# [Exercise requirements]
Your job is to transcribe all the records that follow, excluding any pictures.

# [Provided records]
------------------------------------------------------------
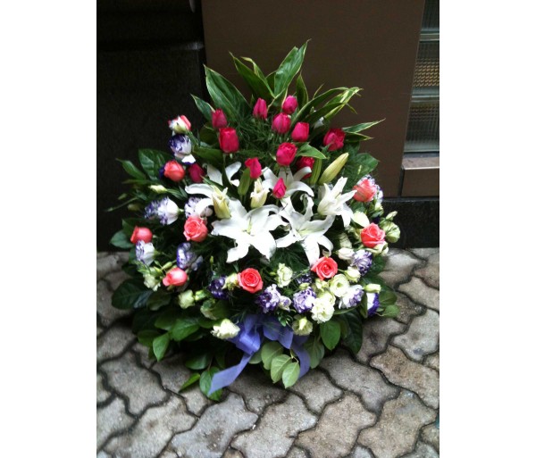 BK12 MIXED COLOUR ROSES WITH LILIES FLOWER BASKET
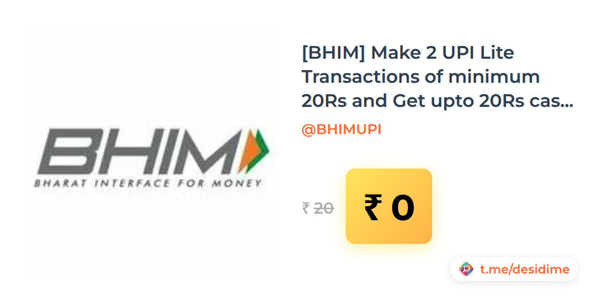 100% off on - [BHIM] Make 2 UPI Lite Transactions of minimum 20Rs and Get upto 20Rs cashback 1pm-6pm (5 March 2026) - Rs. 0
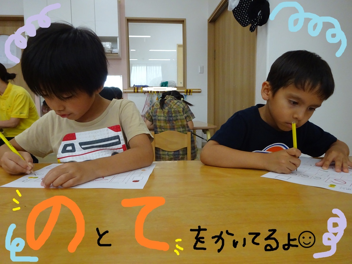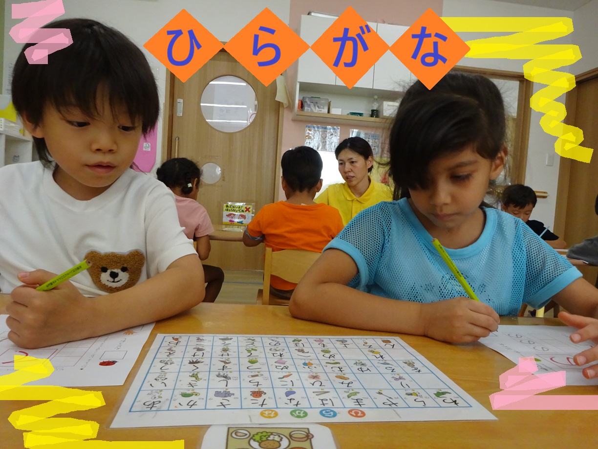 知育の時間にみんなでしりとりを楽しんだり、ひらがなプリントに取り組んだりしています。
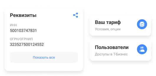 На одной вкладке: тарифы, лимиты, доступы для сотрудников, реквизиты для быстрой отправки контрагентам и заказ справок
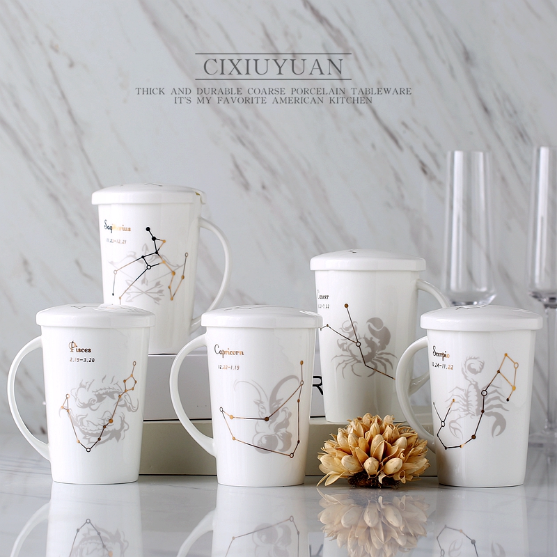 Bone china cup real gold twelve constellation cup ceramic mug couple water cup personality milk coffee cup with lid spoon
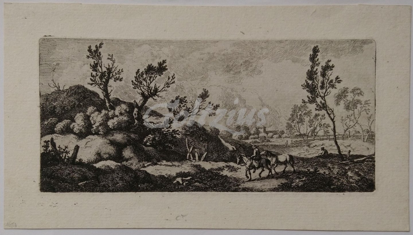 Landscape with rider leading a horse Landscape with trees and grassy knoll, a rider on horseback leading a szecond horse along a path. Someone resting in the shade of a tree to the right. Etching with plate tone on hand laid paper, sheet size 207 x 115 mm., platemark 172 x 78 mm., etching by Ferdinand Kobell (1740-1799), dated 1777. In excellent condition. A collection stamp on the verso (not in Lugt).
------------------------------------------------------------
# [Response box]
 BK12 MIXED COLOUR ROSES WITH LILIES FLOWER BASKET
 100% off on - [BHIM] Make 2 UPI Lite Transactions of minimum 20Rs and Get upto 20Rs cashback 1pm-6pm (5 March 2026) - Rs. 0
 知育の時間にみんなでしりとりを楽しんだり、ひらがなプリントに取り組んだりしています。
 На одной вкладке: тарифы, лимиты, доступы для сотрудников, реквизиты для быстрой отправки контрагентам и заказ справок
 Bone china cup real gold twelve constellation cup ceramic mug couple water cup personality milk coffee cup with lid spoon
 Landscape with rider leading a horse Landscape with trees and grassy knoll, a rider on horseback leading a szecond horse along a path. Someone resting in the shade of a tree to the right. Etching with plate tone on hand laid paper, sheet size 207 x 115 mm., platemark 172 x 78 mm., etching by Ferdinand Kobell (1740-1799), dated 1777. In excellent condition. A collection stamp on the verso (not in Lugt).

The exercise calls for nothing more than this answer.